In Arthrex, the Federal Circuit found the appointments of Administrative Patent Judges to be unconstitutional in the context of an inter partes review proceeding. In this case, VirnetX, the Federal Circuit likewise found their appointments to be unconstitutional in the context of an inter partes reeexamination.

In this order, the panel explained why it rejected the argument from the Director of the United States Patent and Trademark Office and Cisco Systems, Inc. in their petitions for panel rehearing. The Director and Cisco argued that the court erred in extending Arthrex beyond the context of inter partes reviews to this appeal from a decision of the Patent Trial and Appeal Board in an inter partes reexamination. Specifically, the Director and Cisco asserted that APJs should be deemed constitutionally appointed officers at least when it comes to their duties reviewing appeals of inter partes reexaminations.

In rejecting these arguments, the panel quoted Freytag v.

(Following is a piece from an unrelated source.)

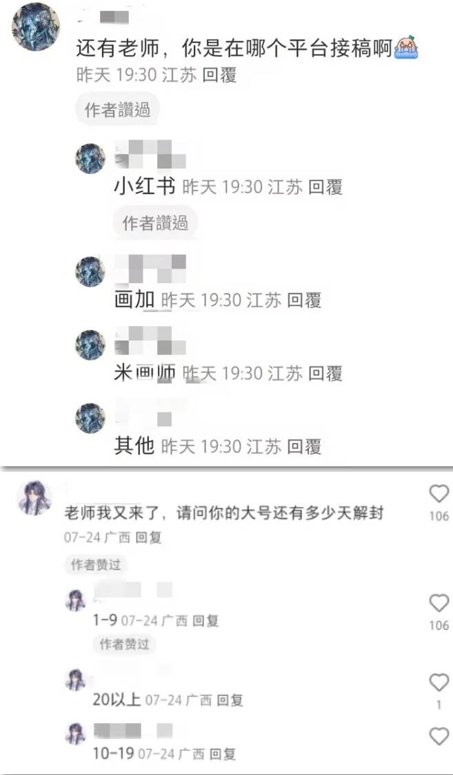这封禁的一个月又不能回复评论又不能发东西,瞬间让UU的高冷值提高了不少,不过如此下去也不是办法,画师和粉丝之间不能互动,没单子接了,那是急上加急啊。也许是粉丝和UU之间心意相通,他们找到了一种非常清奇的互动方式。
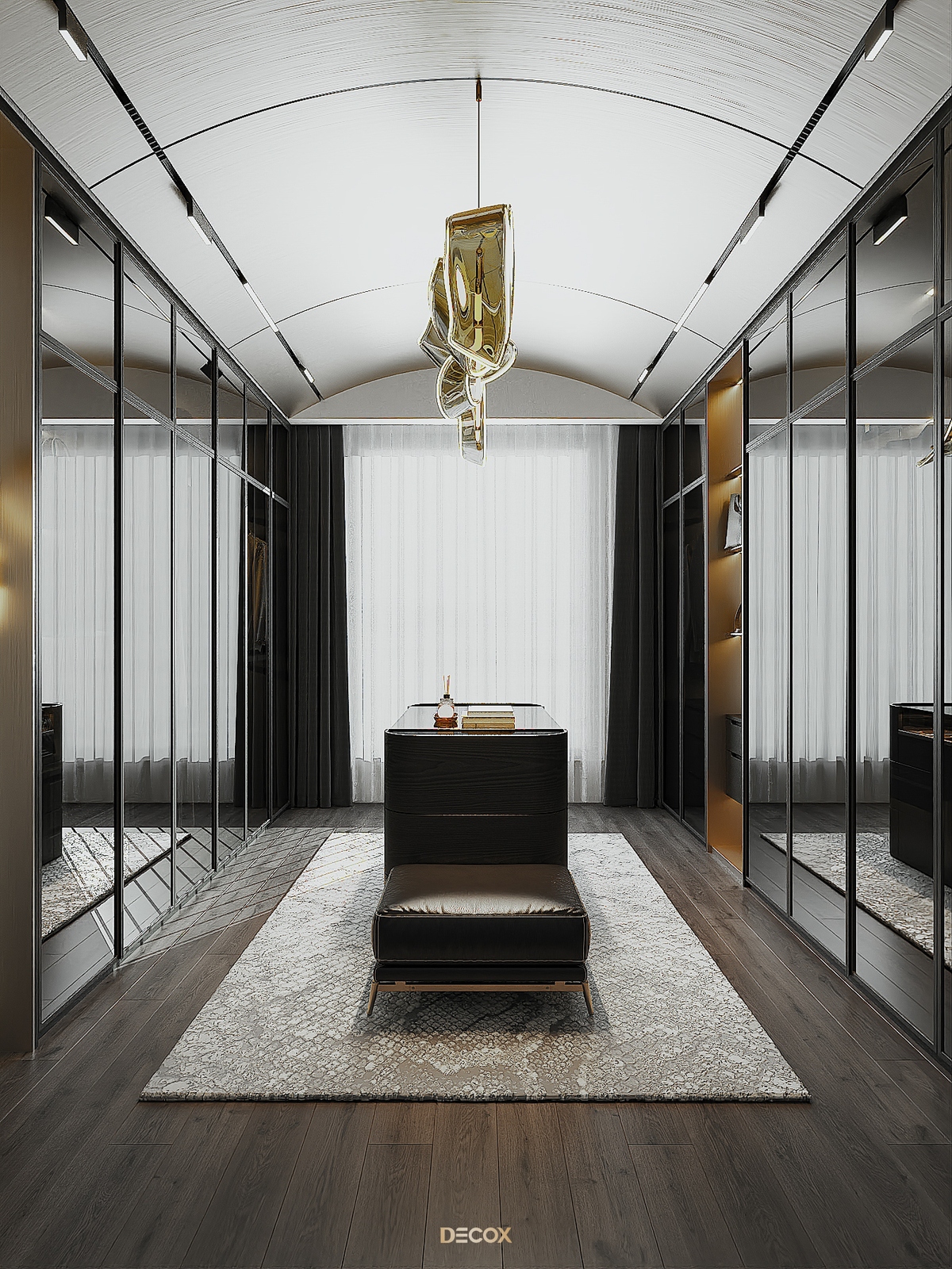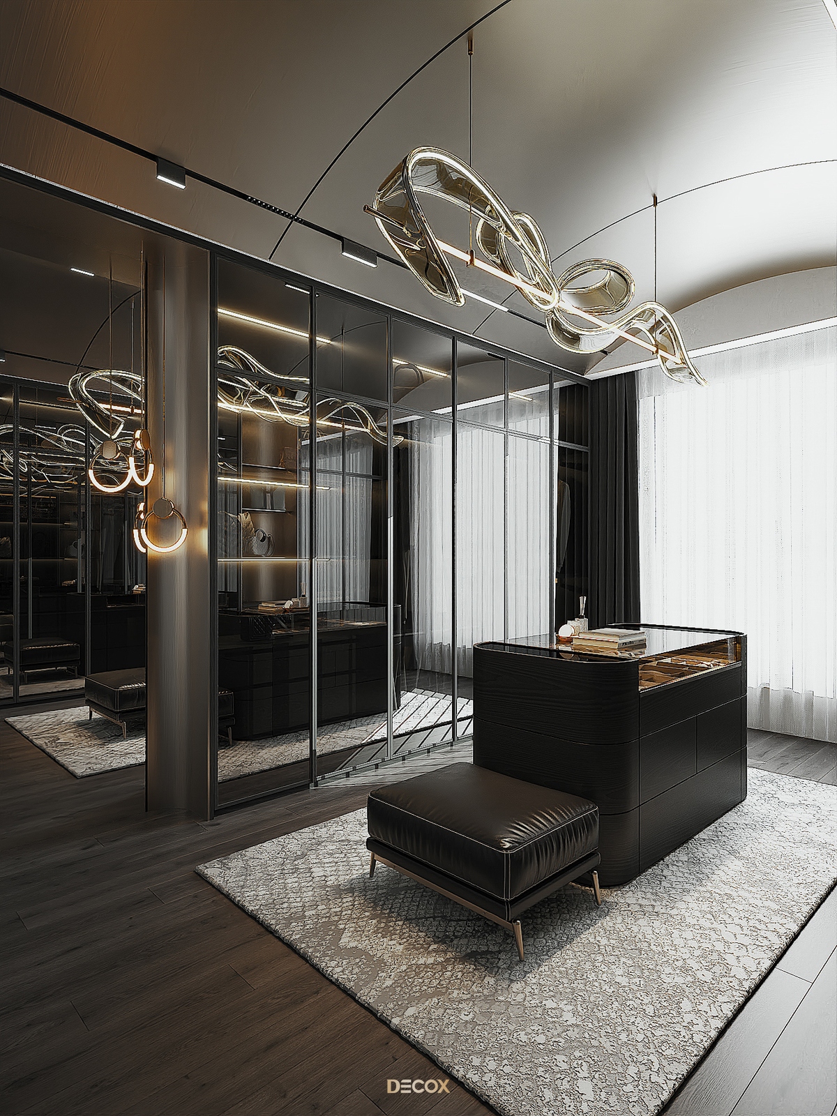 Để mang đến một không gian sống cá tính, ấm cúng với tỷ lệ vừa đủ như gia chủ mong muốn Decox đã chọn lựa sử dụng thủ pháp nghệ thuật tương phản đánh mạnh vào thị giác trong thiết kế nội thất. Tổng thể là sự chuyển giao mượt mà giữa cặp màu huyền thoại trắng - đen, giữa vật liệu đá, inox mạ, kính cứng rắn, có phần “bóng bẩy” với chất gỗ mộc mạc, chất vải mềm mại…Và nội thất nhập khẩu từ Ý - thanh lịch nhưng không phô trương, chính là mảnh ghép cuối cùng để tạo nên dấu ấn duy mỹ cho tổ ấm.

Commissioner, 501 U.S. 868 (1991), for the point that, “'[i]f a special trial judge is an inferior officer for purposes of’ some responsibilities, then ‘he is an inferior officer within the meaning of the Appointments Clause, and he must be properly appointed.’” Moreover, the panel indicated that Freytag requires “’look[ing] not only to the authority exercised in [an appellant]’s case but to all of that appointee’s duties’ when assessing an Appointments Clause challenge.” And the panel noted that, “once appointed to the Board, the APJs’ duties include both conducting inter partes reviews and reviewing appeals of inter partes reexaminations.” As a result, the panel reasoned that, “if these APJs are unconstitutionally appointed principal officers because of their inter partes review duties in light of Arthrex, it would appear that under Freytag vacatur would be appropriate for all agency actions rendered by those APJs regardless of the specific type of review proceeding on appeal.”

In other words, the panel indicated that APJs are likely unconstitutionally appointed with respect to every aspect of their work.

The panel’s order, however, noted that it “need not go so far” given that this case relates only to inter partes reexamination. It then noted relevant similarities between inter partes review and inter partes reexamination. It also rejected the Director’s and Cisco’s arguments, for example because they did not show the Director has “review authority or supervision over the APJs’ final decisions” in inter partes reexamination proceedings.